§ Items from a data source:
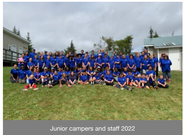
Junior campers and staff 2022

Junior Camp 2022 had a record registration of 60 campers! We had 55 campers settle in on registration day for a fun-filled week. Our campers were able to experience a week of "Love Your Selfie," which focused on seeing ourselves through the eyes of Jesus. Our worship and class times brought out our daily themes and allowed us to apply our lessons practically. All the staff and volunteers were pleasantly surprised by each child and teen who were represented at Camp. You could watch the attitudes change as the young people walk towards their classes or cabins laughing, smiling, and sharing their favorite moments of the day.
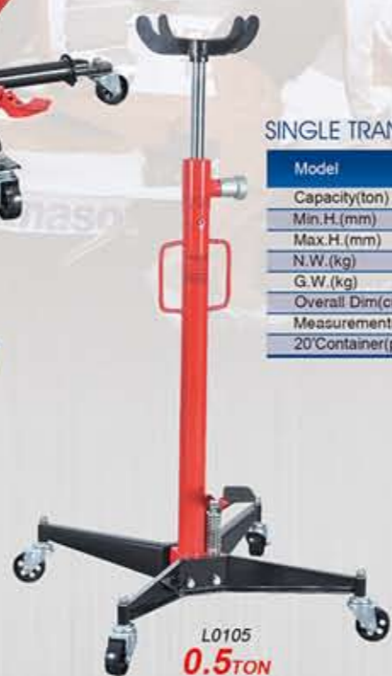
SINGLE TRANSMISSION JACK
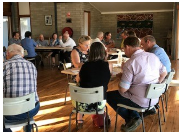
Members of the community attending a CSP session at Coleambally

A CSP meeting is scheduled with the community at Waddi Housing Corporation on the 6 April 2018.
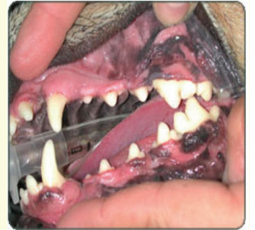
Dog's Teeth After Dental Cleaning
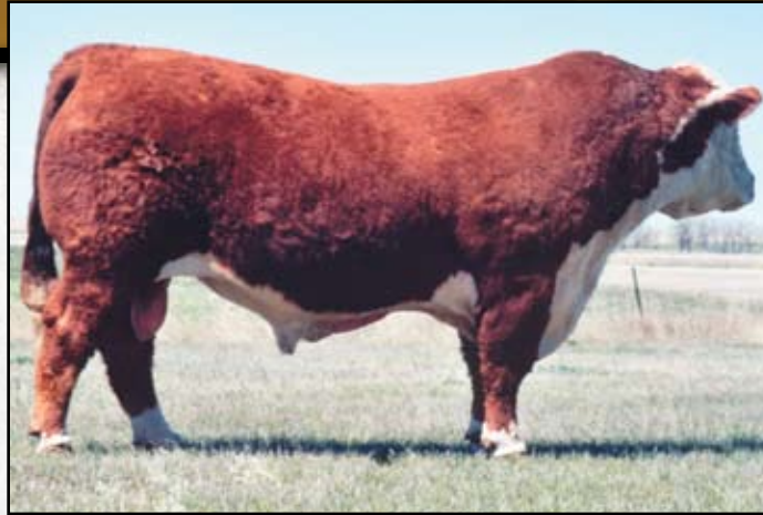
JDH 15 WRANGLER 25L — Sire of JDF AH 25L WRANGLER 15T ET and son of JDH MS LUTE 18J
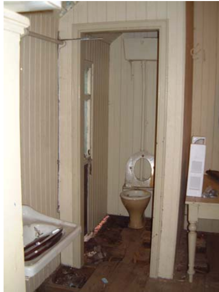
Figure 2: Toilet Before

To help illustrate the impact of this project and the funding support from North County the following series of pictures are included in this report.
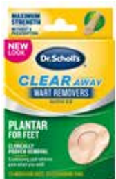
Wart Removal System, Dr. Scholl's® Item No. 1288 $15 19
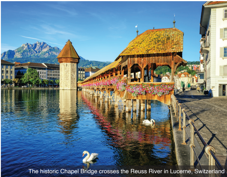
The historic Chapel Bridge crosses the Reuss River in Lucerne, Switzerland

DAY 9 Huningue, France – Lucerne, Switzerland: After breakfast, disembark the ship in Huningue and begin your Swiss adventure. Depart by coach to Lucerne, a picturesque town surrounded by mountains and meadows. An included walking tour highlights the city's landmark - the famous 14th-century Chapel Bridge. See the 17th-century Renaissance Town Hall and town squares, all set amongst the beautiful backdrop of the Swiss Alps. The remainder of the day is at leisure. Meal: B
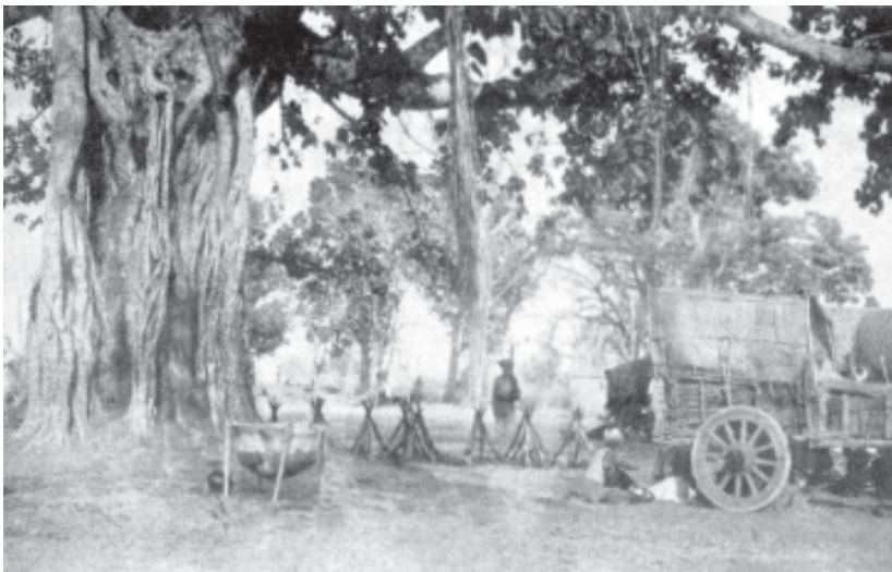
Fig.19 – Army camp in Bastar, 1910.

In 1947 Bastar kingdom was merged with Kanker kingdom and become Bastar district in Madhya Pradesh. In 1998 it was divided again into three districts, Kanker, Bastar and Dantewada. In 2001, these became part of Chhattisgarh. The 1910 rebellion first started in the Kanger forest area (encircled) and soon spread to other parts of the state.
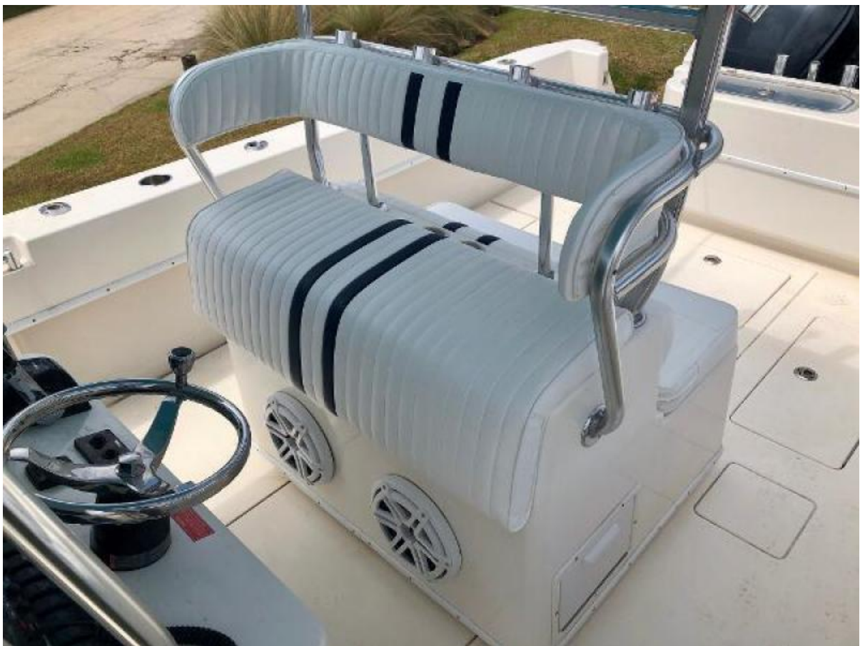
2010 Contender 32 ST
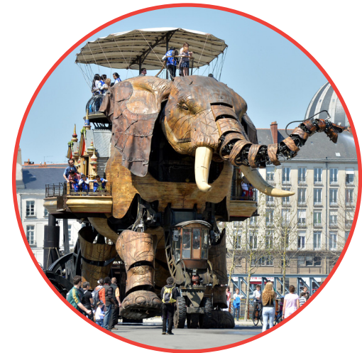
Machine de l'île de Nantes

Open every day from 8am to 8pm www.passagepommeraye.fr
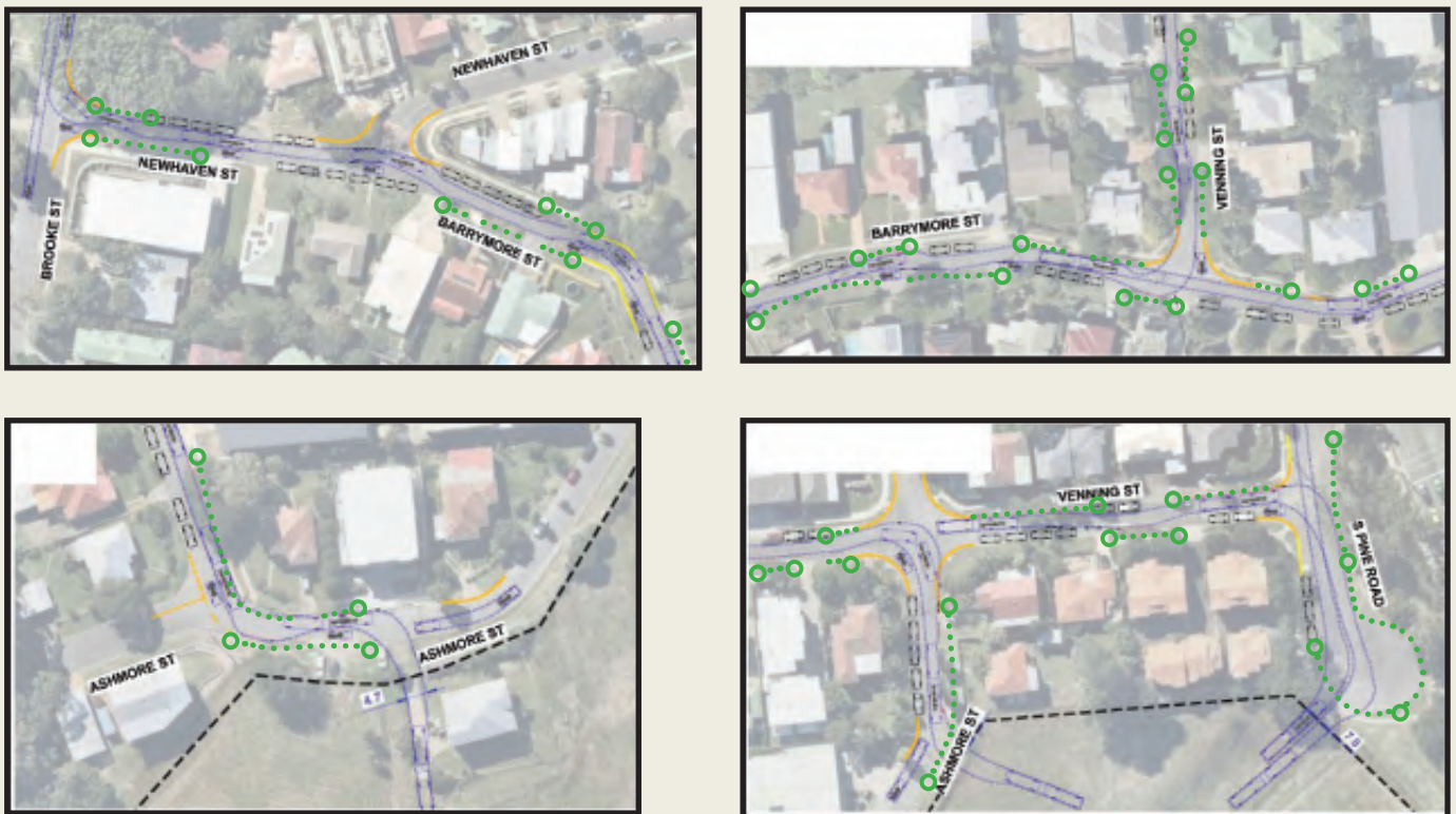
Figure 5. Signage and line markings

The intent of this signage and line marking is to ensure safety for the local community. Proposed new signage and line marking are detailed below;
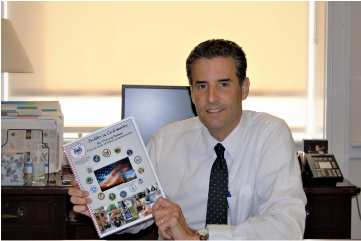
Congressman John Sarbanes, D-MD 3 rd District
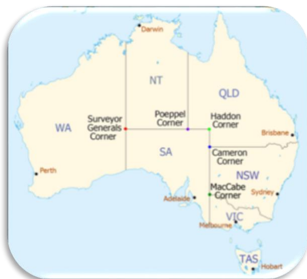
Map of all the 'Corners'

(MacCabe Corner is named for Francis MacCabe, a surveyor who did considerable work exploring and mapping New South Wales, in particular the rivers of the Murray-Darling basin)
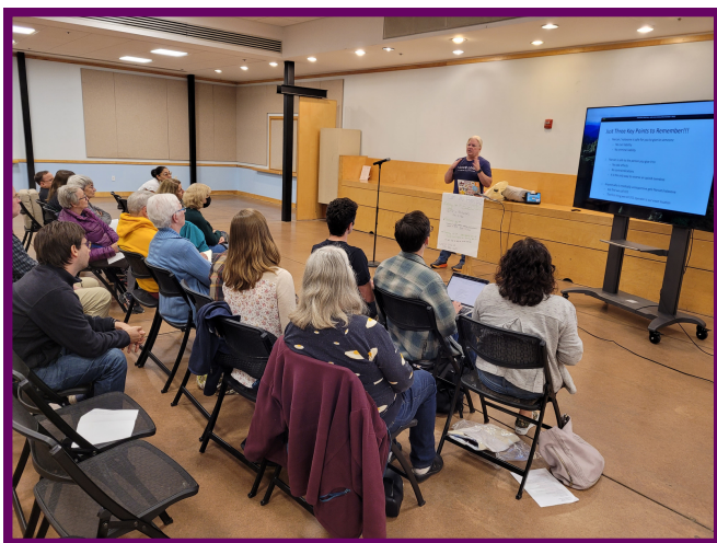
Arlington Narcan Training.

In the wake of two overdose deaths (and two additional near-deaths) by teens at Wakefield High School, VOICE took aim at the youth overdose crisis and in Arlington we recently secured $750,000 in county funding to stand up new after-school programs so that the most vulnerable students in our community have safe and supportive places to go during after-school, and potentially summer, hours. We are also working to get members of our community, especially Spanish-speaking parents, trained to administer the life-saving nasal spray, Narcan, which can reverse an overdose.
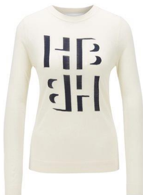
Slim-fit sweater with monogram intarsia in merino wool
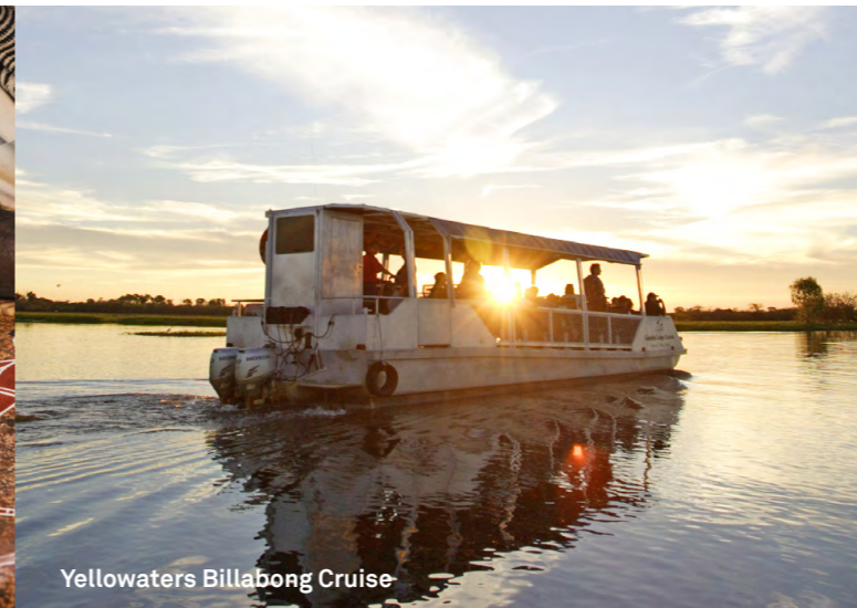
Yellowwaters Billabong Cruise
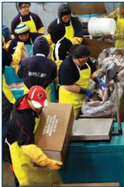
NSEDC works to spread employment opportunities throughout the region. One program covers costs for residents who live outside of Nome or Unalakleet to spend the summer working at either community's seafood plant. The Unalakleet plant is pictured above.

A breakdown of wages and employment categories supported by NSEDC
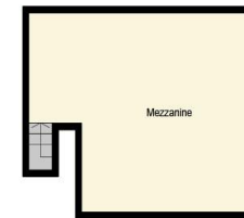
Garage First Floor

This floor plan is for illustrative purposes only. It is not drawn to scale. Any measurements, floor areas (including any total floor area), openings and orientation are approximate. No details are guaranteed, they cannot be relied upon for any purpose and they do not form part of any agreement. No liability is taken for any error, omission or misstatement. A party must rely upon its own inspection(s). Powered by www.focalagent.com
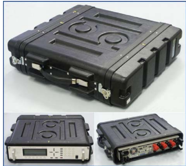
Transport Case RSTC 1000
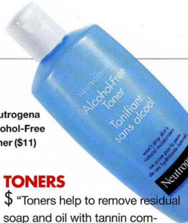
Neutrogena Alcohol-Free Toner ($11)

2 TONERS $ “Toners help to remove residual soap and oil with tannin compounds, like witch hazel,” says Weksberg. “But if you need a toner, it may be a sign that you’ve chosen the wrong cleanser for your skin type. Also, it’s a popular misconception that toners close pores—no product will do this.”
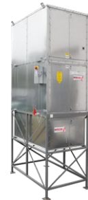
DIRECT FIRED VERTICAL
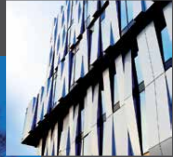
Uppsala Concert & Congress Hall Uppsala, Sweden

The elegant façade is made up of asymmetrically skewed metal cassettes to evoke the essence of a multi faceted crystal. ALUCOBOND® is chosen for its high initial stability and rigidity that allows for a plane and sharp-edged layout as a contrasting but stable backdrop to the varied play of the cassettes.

§ Prompt: Among the lines above, find those with the word "NSEDC". Copy them.

§ Result of this exercise:
NSEDC works to spread employment opportunities throughout the region. One program covers costs for residents who live outside of Nome or Unalakleet to spend the summer working at either community's seafood plant. The Unalakleet plant is pictured above.
A breakdown of wages and employment categories supported by NSEDC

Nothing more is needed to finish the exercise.